TAGS :Viewed: 15 - Published at: a few seconds ago

[ Test and train datatasets with prediction models and TunePareto package ]

I'm trying to chose the best prediction/classification model for a concrete problem. The methodology I've been asked to follow is this:

  • Separate the data into test and training.
  • Run a concrete model with the training data and evaluate it with 10-fold cross-validation to get best parameters for that model (evaluating the error given).
  • Repeat with other models until I have the best configuration for each of the chosen classification models.
  • Finally, I have to re-run each model with their best set of parameters, where the data to train is "trainingdata" and the error given as result might come from "testdata" (please note that test data hasn't been used until now, to avoid distorsion on final comparison).

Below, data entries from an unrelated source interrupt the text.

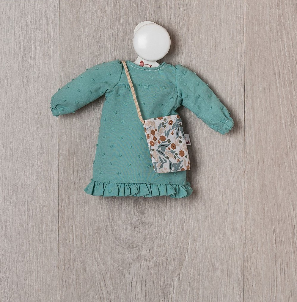 Zabawę lalkami uatrakcyjnia bogaty wybór ubranek. Wysokiej jakości, ręcznie szyta, stylowa sukienka została ręcznie uszyta z miękkiej bawełny w kolorze turkusowym. Dół zdobi urocza falbanka. Szyku dodaje materiałowa torebka w delikatny, roślinny wzór. Strój Idealnie pasuje na hiszpańskie lalki z popularnej serii ASI Celia.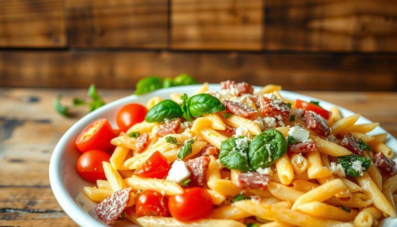Italian pasta salad is a fun canvas for different flavors. Adding a Mediterranean twist makes it even better. It uses fresh ingredients for vibrant tastes.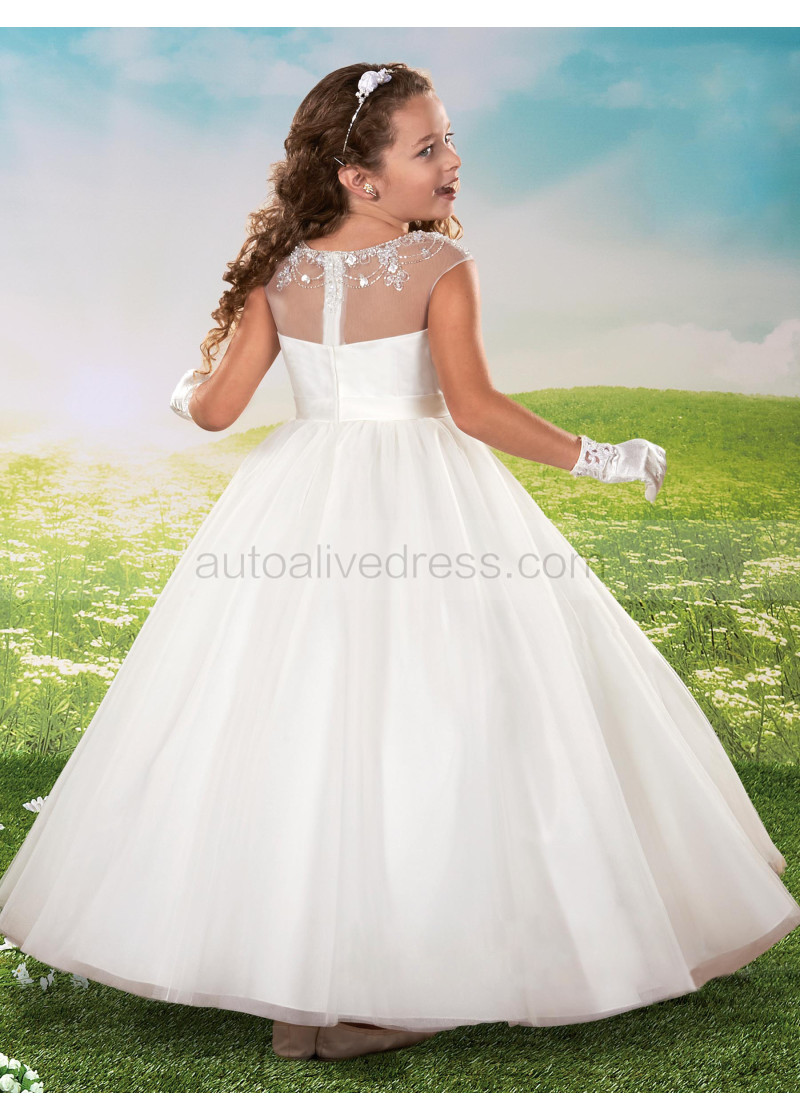 Beaded Sheer Neck Ivory Tulle Flower Girl Dress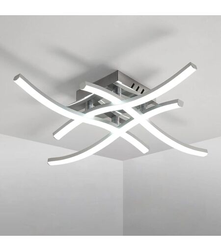 Goeco - Plafonnier led Moderne Argenté 24W 2300LM Lumière Froide 6500K, Design Ondulé avec 4 Tubes pour Salon Chambre Cuisine (46x46x7cm)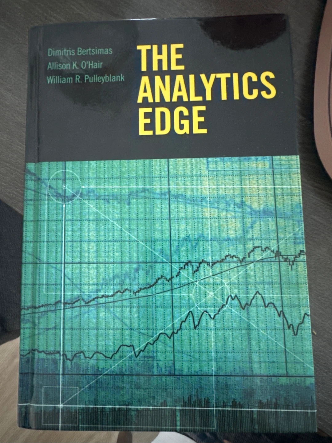 This is the book 'The Analytics Edge' by Dimitris Bertsimas, Allison K. O'Hair, and William R. Pulleynk. It covers topics related to analytics. Its cover features a graph with analytical data. This book is for students or professionals studying analytics.

I've been doing this using the package TunePareto, which has a nice and easy to run function to run some classification models (like Naive Byes or kNN) along with 10-fold CV on a dataframe. The problem arrives with the last task I mentioned: I don't know how to use a specific dataframe as test with TunePareto. Can anybody help me with this?

I've searched for some examples but found nothing. In case TunePareto doesn't allow this I would be glad of listening about alternatives.

Thanks !!!

Answer 1


From the documentation, the function tuneParetoClassifier seems to have a parameter testDataName where you provide your independent testing dataset. Here is the definition of the function:

tuneParetoClassifier(name, classifier, classifierParamNames = NULL, predefinedClassifierParams = NULL, predictor = NULL, predictorParamNames = NULL, predefinedPredictorParams = NULL, useFormula = FALSE, formulaName = "formula", trainDataName = "x", trainLabelName = "y", testDataName = "newdata", modelName = "object", requiredPackages = NULL)